The crust was crispy and a little crunchy. It easily held the toppings without drooping. Parmesan cheese, ground oregano and red pepper flakes were available on the table to put onto the pizza. However, I tried the first piece without any additives. The flavor was very good. The sausage was a little bland, but the pepperoni slices had a nice spicy and salty bite. The mushrooms were also very good on the pizza. It passed my "Does it taste good with a beer?" test that I have for every new pizza that I try.
Because the toppings and cheese were so plentiful on the pizza, I was able to eat five of the eight slices of the pizza. I asked the young lady for a to-go box as I had a fridge and a microwave in my room back at the Hampton Inn. Pizza for breakfast is always a treat.
When I was getting ready to leave, the server asked me how my pizza was and I told her that it was very good. It wasn't the best I've had in the Chicago area, but it was still very good. She gave me a printed menu to take with me and I didn't notice until I got back home that it said on the front, "Moving soon!" Honestly, I don't know if the menu was printed up two months ago or two years ago. I'll keep checking back with them to see if they finally moved and I'll be sure to update this entry.
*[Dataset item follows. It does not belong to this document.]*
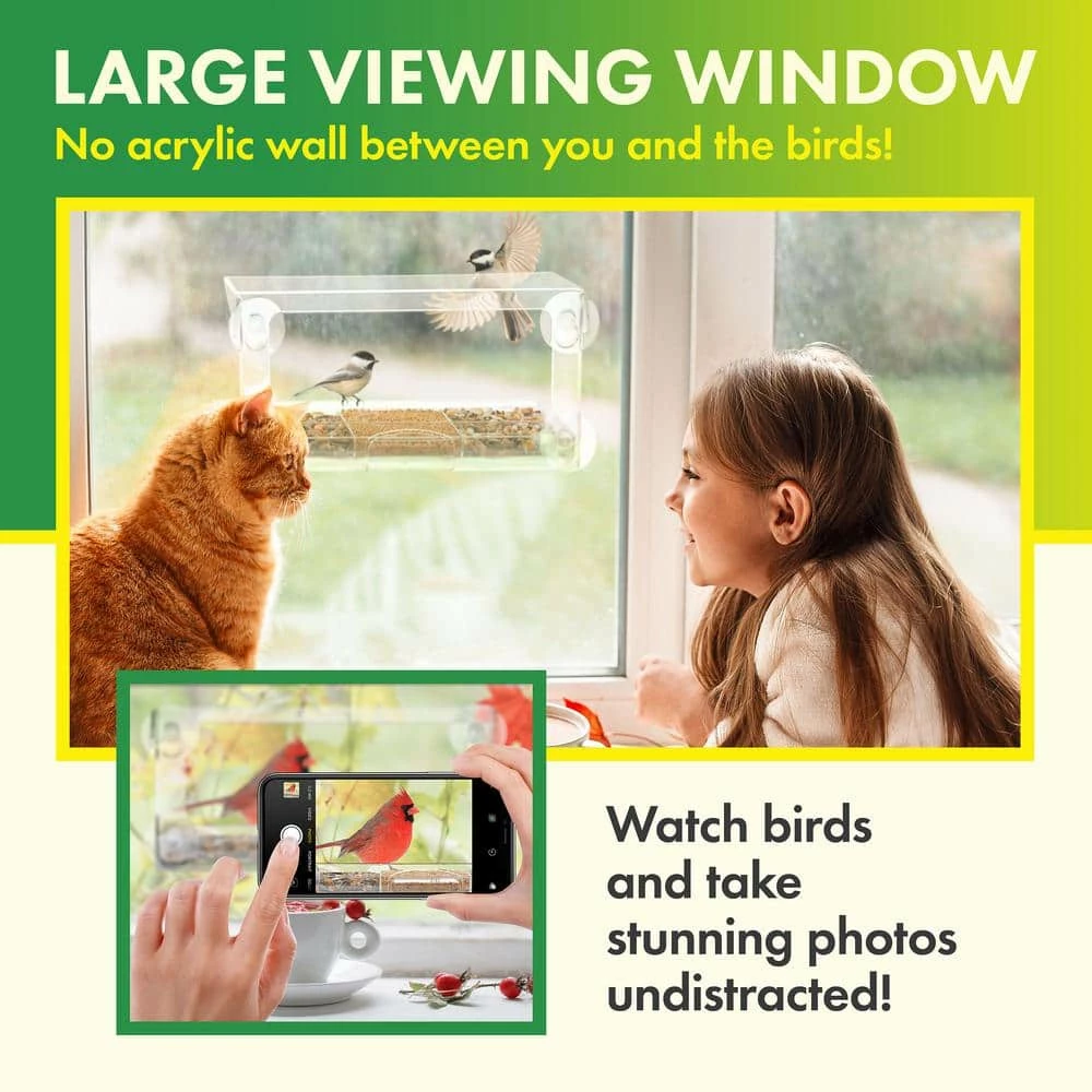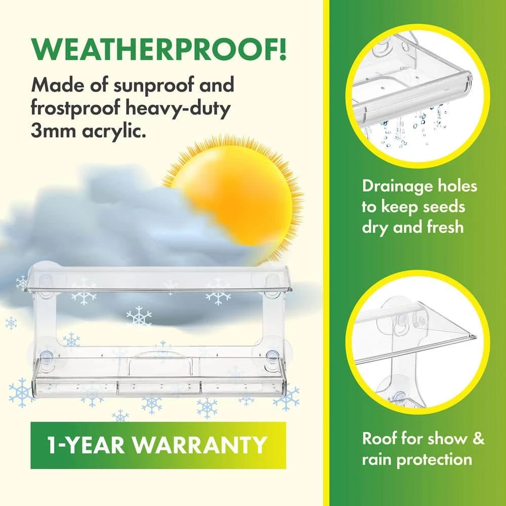 - Durable delight – rain or shine, enjoy instant access to your feathered friends, with 4-strong suction cups and heavy-duty acrylic, your feeder is weatherproof and stays put during harsh conditions

While I do like finding these small gems of a restaurant in my travels, I can see why they probably would like to move. The place is small and you can't get into the place if you're coming from the west on Lake St. I'm hoping that wherever Pizzeria Antica moves to, they'll keep the same pizza ovens that are obviously seasoned with thousands of pizzas they've cooked in them over the past five plus years. I'll definitely follow them, as long as they're close to the hotel when I stay there. I'll be sure to let you know when they move and where.